## Recorded data

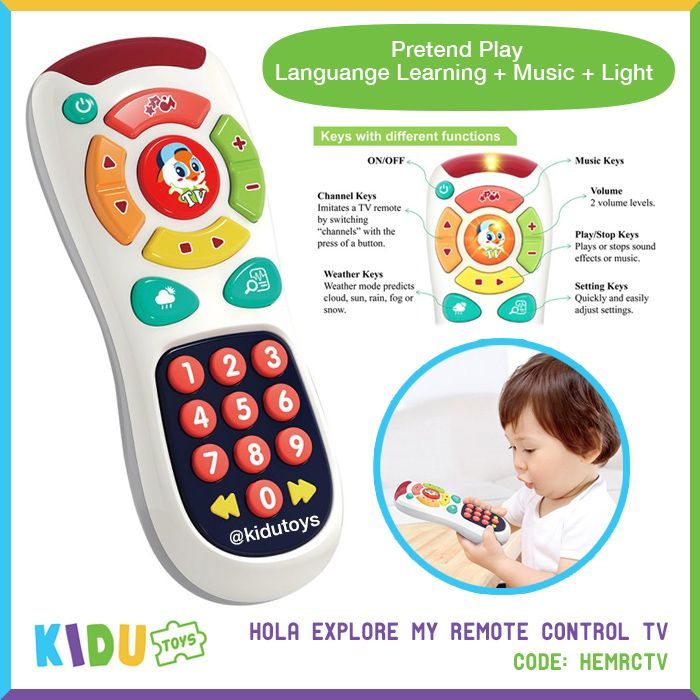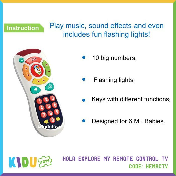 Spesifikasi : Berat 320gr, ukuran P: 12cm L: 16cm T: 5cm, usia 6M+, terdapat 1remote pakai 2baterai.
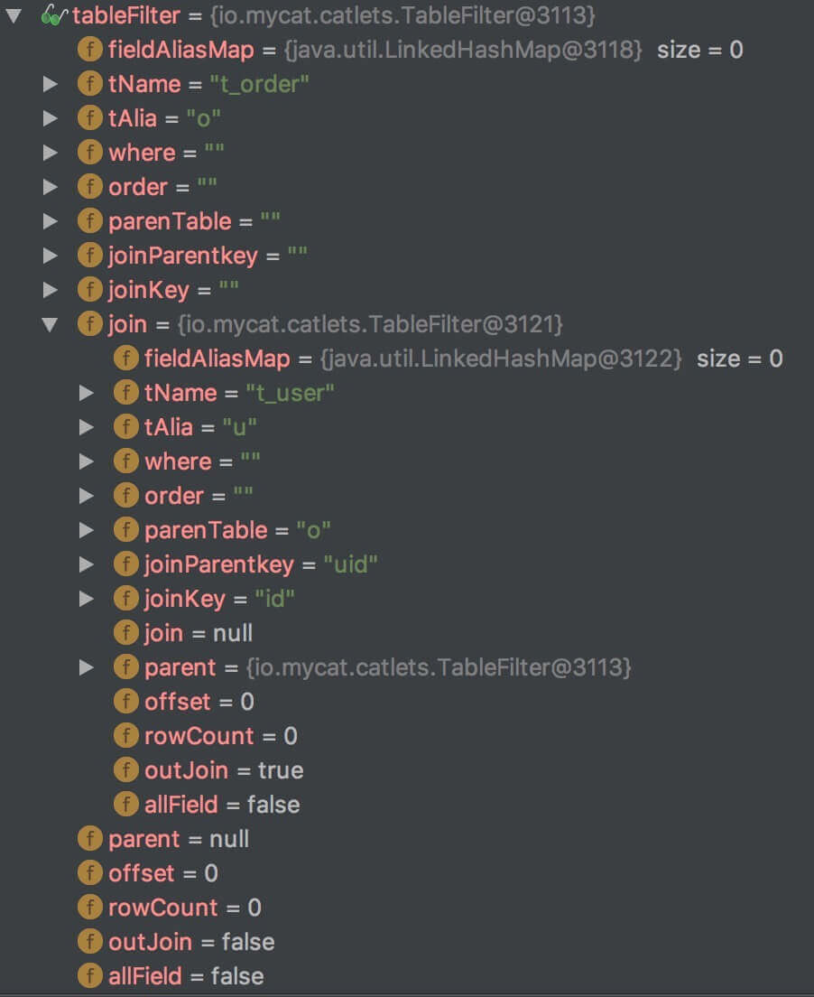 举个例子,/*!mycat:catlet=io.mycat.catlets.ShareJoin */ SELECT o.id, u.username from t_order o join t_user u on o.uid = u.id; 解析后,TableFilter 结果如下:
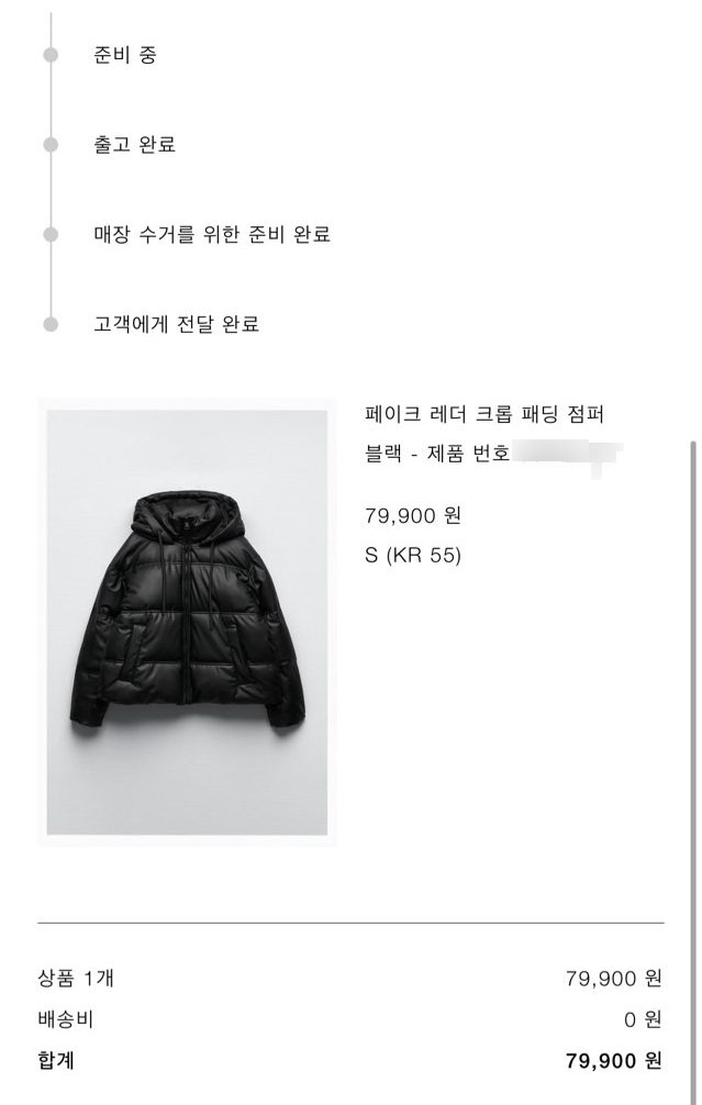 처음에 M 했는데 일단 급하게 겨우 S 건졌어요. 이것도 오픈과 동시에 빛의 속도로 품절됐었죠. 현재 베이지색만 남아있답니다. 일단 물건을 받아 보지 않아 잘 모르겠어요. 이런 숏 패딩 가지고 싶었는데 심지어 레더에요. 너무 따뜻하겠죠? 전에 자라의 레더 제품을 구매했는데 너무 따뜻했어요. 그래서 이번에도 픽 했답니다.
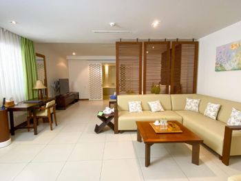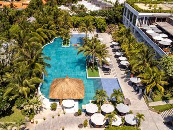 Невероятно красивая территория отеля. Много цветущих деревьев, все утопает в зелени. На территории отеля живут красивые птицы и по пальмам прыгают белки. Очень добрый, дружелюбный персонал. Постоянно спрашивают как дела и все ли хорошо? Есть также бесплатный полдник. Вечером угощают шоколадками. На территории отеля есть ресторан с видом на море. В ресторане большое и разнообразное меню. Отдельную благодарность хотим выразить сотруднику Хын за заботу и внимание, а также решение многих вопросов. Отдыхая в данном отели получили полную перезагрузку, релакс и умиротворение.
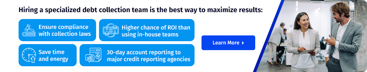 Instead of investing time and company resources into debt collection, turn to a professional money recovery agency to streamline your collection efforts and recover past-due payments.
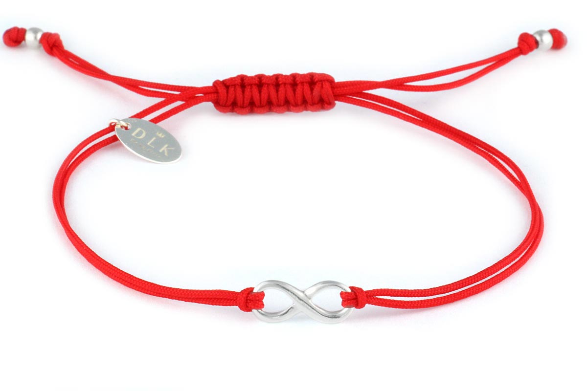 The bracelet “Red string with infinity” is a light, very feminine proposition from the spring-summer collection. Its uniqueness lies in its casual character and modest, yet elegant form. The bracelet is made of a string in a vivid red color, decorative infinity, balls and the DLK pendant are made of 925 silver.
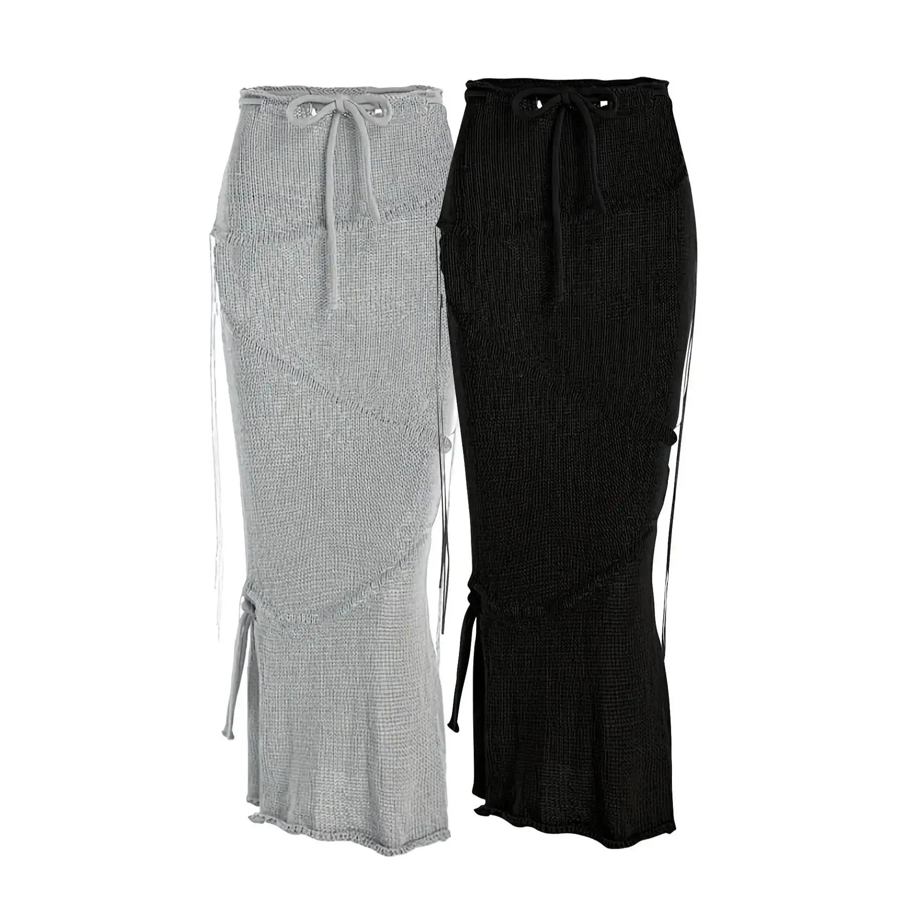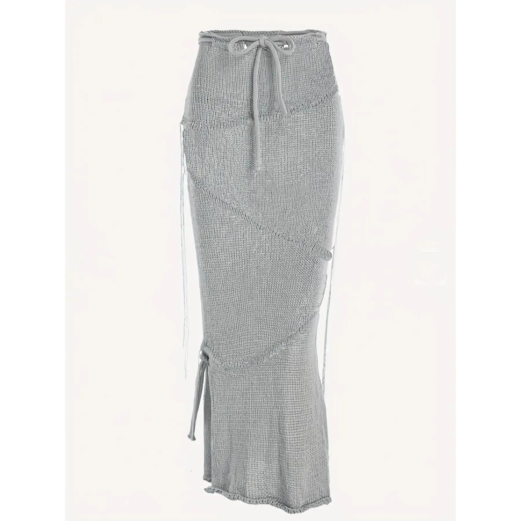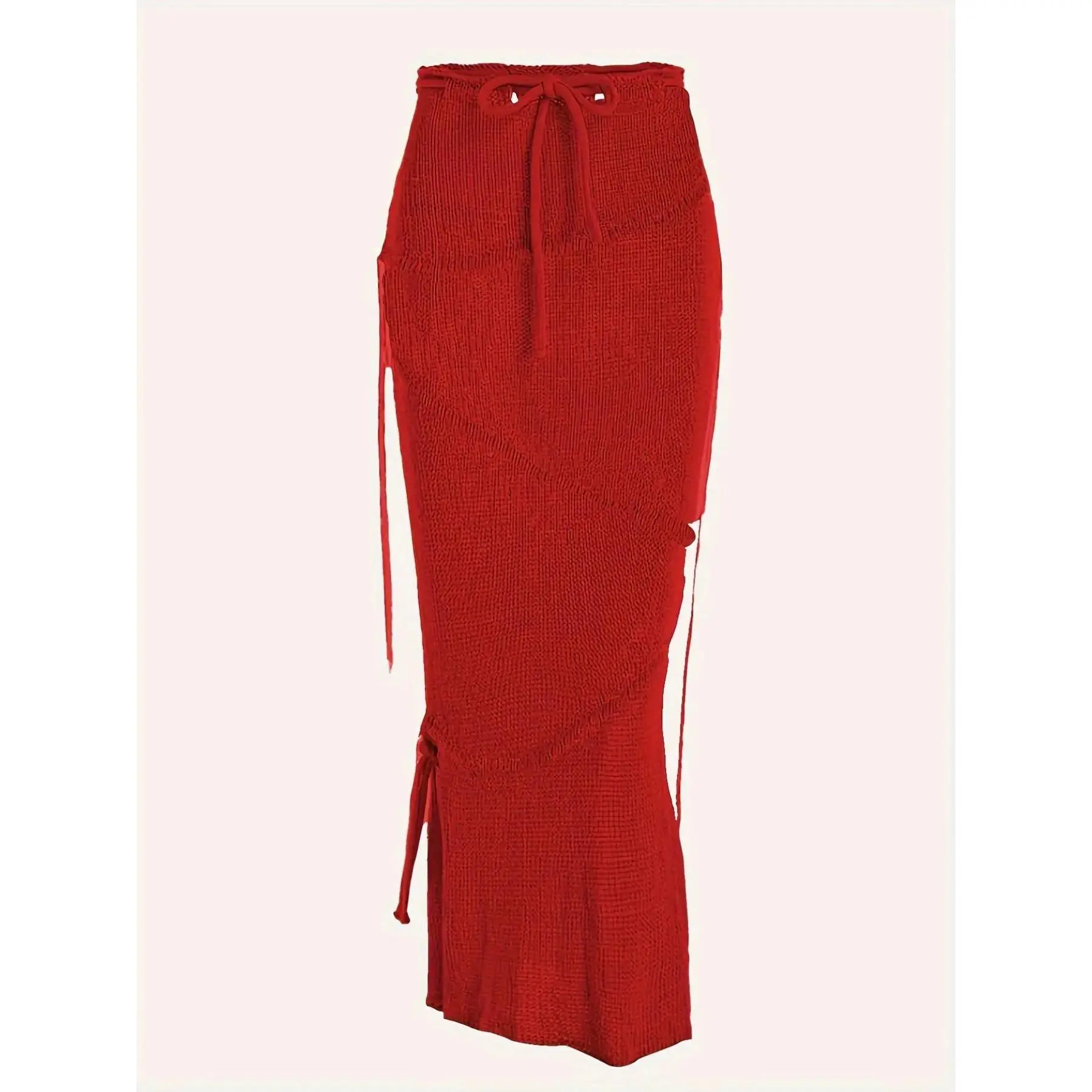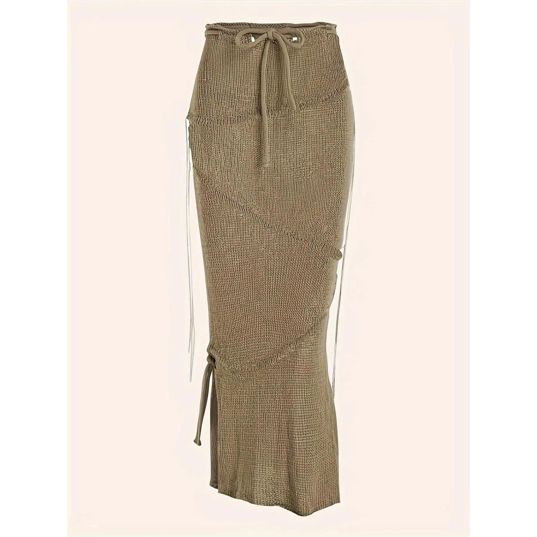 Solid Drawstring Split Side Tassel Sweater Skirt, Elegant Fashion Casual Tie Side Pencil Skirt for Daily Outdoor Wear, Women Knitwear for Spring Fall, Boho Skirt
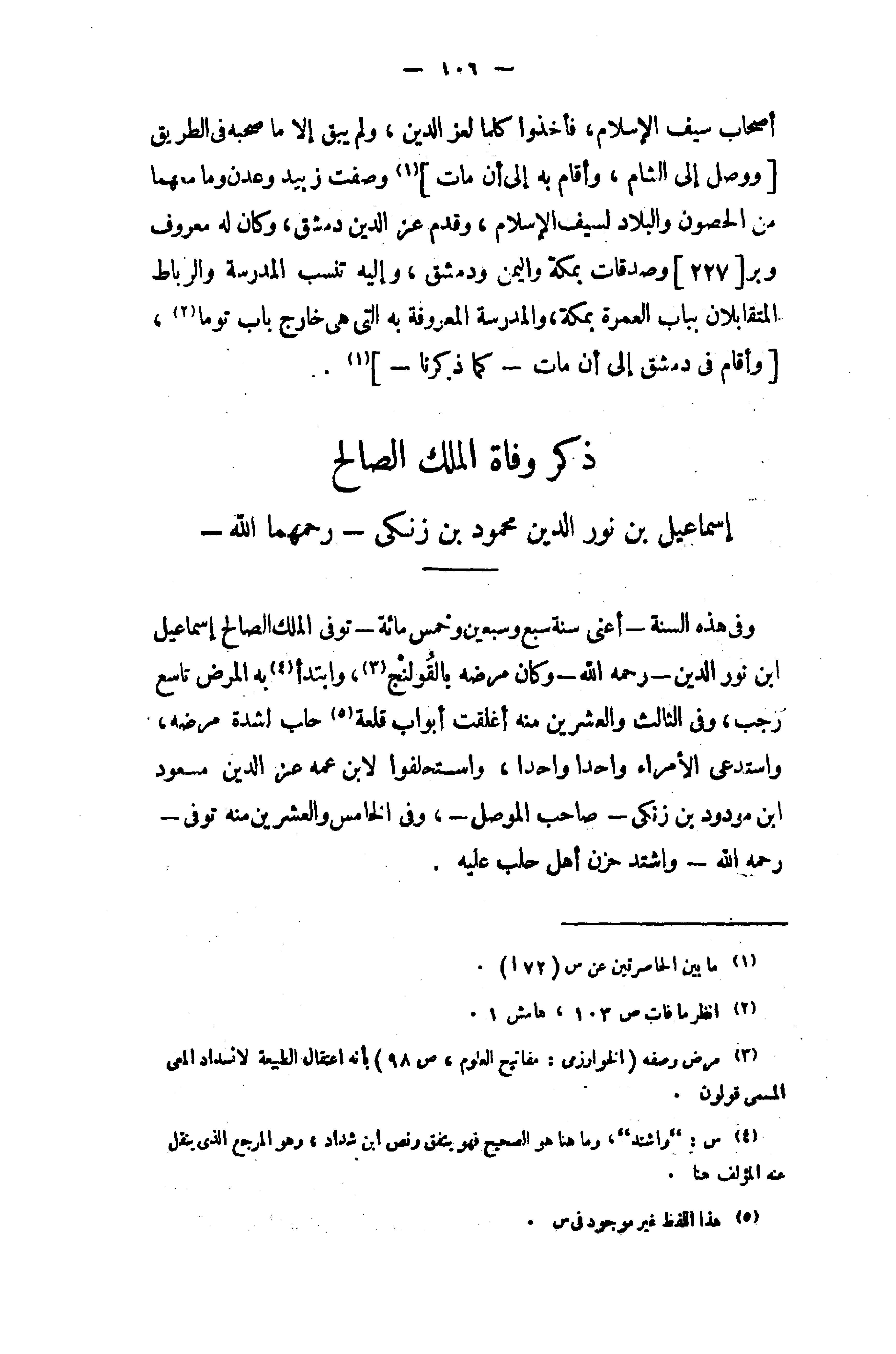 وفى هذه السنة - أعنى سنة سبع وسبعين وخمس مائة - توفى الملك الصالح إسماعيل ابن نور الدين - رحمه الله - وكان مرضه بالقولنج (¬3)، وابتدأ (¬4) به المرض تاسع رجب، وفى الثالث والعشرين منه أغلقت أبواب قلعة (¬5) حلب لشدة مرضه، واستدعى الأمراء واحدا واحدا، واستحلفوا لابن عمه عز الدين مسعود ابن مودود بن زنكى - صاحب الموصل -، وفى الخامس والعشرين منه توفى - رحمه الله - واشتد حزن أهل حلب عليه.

## Your task
Take the listing above and restate it word for word, without its pictures.

## Problem solution
 Spesifikasi : Berat 320gr, ukuran P: 12cm L: 16cm T: 5cm, usia 6M+, terdapat 1remote pakai 2baterai.
 举个例子,/*!mycat:catlet=io.mycat.catlets.ShareJoin */ SELECT o.id, u.username from t_order o join t_user u on o.uid = u.id; 解析后,TableFilter 结果如下:
 처음에 M 했는데 일단 급하게 겨우 S 건졌어요. 이것도 오픈과 동시에 빛의 속도로 품절됐었죠. 현재 베이지색만 남아있답니다. 일단 물건을 받아 보지 않아 잘 모르겠어요. 이런 숏 패딩 가지고 싶었는데 심지어 레더에요. 너무 따뜻하겠죠? 전에 자라의 레더 제품을 구매했는데 너무 따뜻했어요. 그래서 이번에도 픽 했답니다.
 Невероятно красивая территория отеля. Много цветущих деревьев, все утопает в зелени. На территории отеля живут красивые птицы и по пальмам прыгают белки. Очень добрый, дружелюбный персонал. Постоянно спрашивают как дела и все ли хорошо? Есть также бесплатный полдник. Вечером угощают шоколадками. На территории отеля есть ресторан с видом на море. В ресторане большое и разнообразное меню. Отдельную благодарность хотим выразить сотруднику Хын за заботу и внимание, а также решение многих вопросов. Отдыхая в данном отели получили полную перезагрузку, релакс и умиротворение.
 Instead of investing time and company resources into debt collection, turn to a professional money recovery agency to streamline your collection efforts and recover past-due payments.
 The bracelet “Red string with infinity” is a light, very feminine proposition from the spring-summer collection. Its uniqueness lies in its casual character and modest, yet elegant form. The bracelet is made of a string in a vivid red color, decorative infinity, balls and the DLK pendant are made of 925 silver.
 Solid Drawstring Split Side Tassel Sweater Skirt, Elegant Fashion Casual Tie Side Pencil Skirt for Daily Outdoor Wear, Women Knitwear for Spring Fall, Boho Skirt
 وفى هذه السنة - أعنى سنة سبع وسبعين وخمس مائة - توفى الملك الصالح إسماعيل ابن نور الدين - رحمه الله - وكان مرضه بالقولنج (¬3)، وابتدأ (¬4) به المرض تاسع رجب، وفى الثالث والعشرين منه أغلقت أبواب قلعة (¬5) حلب لشدة مرضه، واستدعى الأمراء واحدا واحدا، واستحلفوا لابن عمه عز الدين مسعود ابن مودود بن زنكى - صاحب الموصل -، وفى الخامس والعشرين منه توفى - رحمه الله - واشتد حزن أهل حلب عليه.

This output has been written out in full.